Methods: Data from 5 randomized, double-blind, placebo-controlled, 8-week trials in outpatients with Diagnostic and Statistical Manual of Mental Disorders, Fourth Edition MDD were pooled. In each study, patients with primary anxiety disorders were excluded. Eligible patients were randomized to fixed doses of desvenlafaxine (50, 100, 200, or 400 mg/d; n=1342) or placebo (n=631). The efficacy outcomes for this analysis were scores on the 17-item Hamilton Rating Scale for Depression (HAM-D17) Anxiety subscale (sum of psychic and somatic anxiety items) and Covi Anxiety scale (measured in 4 of the 5 trials). Final on-therapy data were analyzed using analysis of covariance; the adjusted mean changes from baseline are reported here.

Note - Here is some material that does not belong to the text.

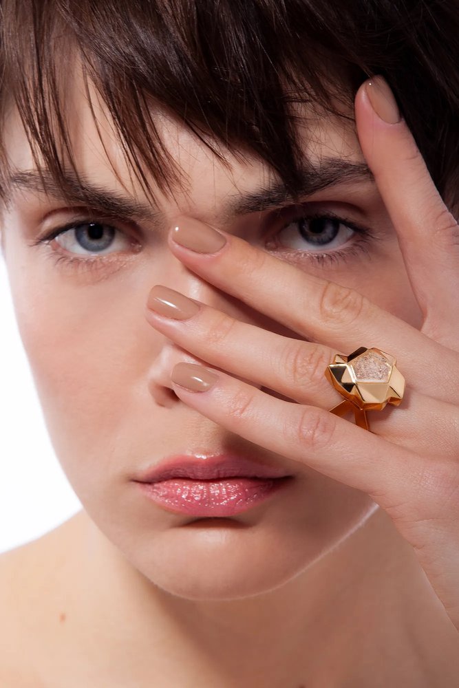 Com volume marcante e acabamento facetado, o Anel Shibui Maria Dolores é uma peça statement que une força e sofisticação. O topo elevado traz a estética das dobraduras com impacto escultural, enquanto a Drusa Metalizada central adiciona brilho e profundidade ao visual. Seu aro duplo traz conforto no uso e reflete a identidade da coleção nos detalhes: superfícies anguladas, formas ousadas e leveza no vestir. Um anel médio folheado a Ouro que veste como uma escultura contemporânea, mas com ergonomia perfeita para o dia a dia. Ideal para quem valoriza joias que se destacam pelos detalhes e trazem significado em cada traço do design.

Results: Improvement was significantly greater from baseline for desvenlafaxine vs placebo on the HAM-D17 Anxiety subscale in the combined data set (−3.5 vs −2.8; P<0.001) and the 50-mg/d (−3.9 vs −3.2; P<0.001), 100-mg/d (−3.6 vs −2.9; P<0.001), 200-mg/d (−3.2 vs −2.7; P=0.007), and 400-mg/d (−3.2 vs −2.7; P=0.011) dose groups. Significantly greater improvement from baseline was also found for desvenlafaxine compared with placebo on the Covi Anxiety scale total score for the combined data set (−1.4 vs −1.0.; P<0.001) and the 50-mg/d (−1.6 vs −1.1; P<0.001), 100-mg/d (−1.4 vs −1.0; P<0.001), and 200-mg/d (−1.3 vs −0.9; P=0.015) dose groups.
Conclusion: In this analysis, desvenlafaxine significantly improved anxiety symptoms in patients with MDD overall and at each dose level studied.